• _RECORDS SUPPLIED_:
Segment Open
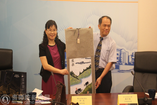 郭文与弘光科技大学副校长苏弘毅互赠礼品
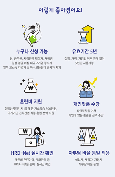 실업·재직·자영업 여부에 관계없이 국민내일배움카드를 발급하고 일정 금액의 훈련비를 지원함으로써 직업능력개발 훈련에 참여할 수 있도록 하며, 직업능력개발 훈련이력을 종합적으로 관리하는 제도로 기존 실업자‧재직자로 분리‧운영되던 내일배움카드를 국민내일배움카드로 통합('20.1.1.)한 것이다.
Segment Closed
Segment Open
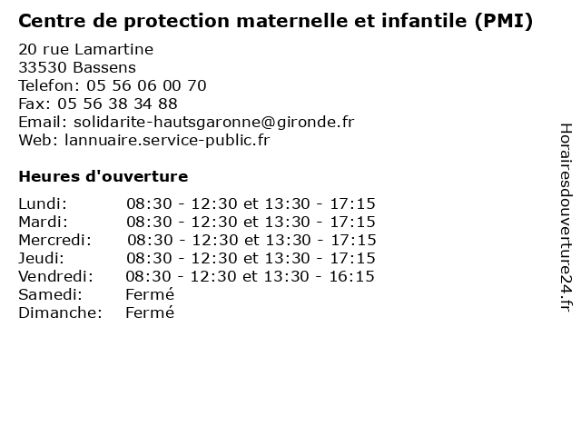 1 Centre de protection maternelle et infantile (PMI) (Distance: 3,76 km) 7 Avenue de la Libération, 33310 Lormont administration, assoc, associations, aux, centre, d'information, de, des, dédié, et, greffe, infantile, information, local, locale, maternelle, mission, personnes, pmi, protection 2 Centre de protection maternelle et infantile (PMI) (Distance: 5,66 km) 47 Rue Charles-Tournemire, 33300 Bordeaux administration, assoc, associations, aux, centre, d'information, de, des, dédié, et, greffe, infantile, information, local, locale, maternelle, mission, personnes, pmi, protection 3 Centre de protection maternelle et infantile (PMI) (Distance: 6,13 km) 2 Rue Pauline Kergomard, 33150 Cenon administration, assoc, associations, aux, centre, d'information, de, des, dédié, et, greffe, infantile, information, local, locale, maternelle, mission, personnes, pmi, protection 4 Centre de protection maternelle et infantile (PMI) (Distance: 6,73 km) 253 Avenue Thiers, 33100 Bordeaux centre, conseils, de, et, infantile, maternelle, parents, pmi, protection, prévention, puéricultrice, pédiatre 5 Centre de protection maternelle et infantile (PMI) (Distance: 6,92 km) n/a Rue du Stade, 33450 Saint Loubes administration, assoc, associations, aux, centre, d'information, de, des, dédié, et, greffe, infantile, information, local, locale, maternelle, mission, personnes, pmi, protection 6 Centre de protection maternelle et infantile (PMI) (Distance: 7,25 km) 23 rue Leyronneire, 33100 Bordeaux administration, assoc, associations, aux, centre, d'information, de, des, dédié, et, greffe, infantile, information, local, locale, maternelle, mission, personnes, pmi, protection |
Segment Closed
Segment Open
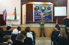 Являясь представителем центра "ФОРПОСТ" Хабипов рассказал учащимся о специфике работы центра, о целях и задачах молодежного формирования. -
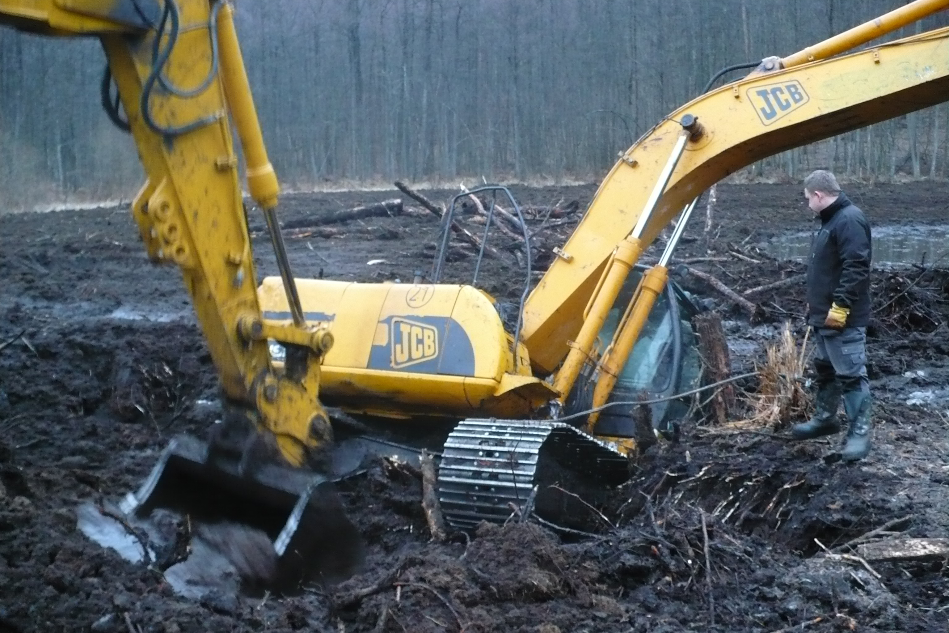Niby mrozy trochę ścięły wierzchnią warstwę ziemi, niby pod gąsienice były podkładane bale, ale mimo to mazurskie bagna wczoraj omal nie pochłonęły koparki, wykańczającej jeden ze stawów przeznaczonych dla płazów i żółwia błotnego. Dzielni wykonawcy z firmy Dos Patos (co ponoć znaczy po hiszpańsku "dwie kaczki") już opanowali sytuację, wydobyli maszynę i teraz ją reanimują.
Segment Closed
• _EXERCISE OBJECTIVE_: Quote word for word only the lines above from the one containing "Являясь представителем центра" through the one containing "Niby mrozy trochę". Pictures stay out of your copy.

• _RESPONSE_:
 Являясь представителем центра "ФОРПОСТ" Хабипов рассказал учащимся о специфике работы центра, о целях и задачах молодежного формирования. -
Niby mrozy trochę ścięły wierzchnią warstwę ziemi, niby pod gąsienice były podkładane bale, ale mimo to mazurskie bagna wczoraj omal nie pochłonęły koparki, wykańczającej jeden ze stawów przeznaczonych dla płazów i żółwia błotnego. Dzielni wykonawcy z firmy Dos Patos (co ponoć znaczy po hiszpańsku "dwie kaczki") już opanowali sytuację, wydobyli maszynę i teraz ją reanimują.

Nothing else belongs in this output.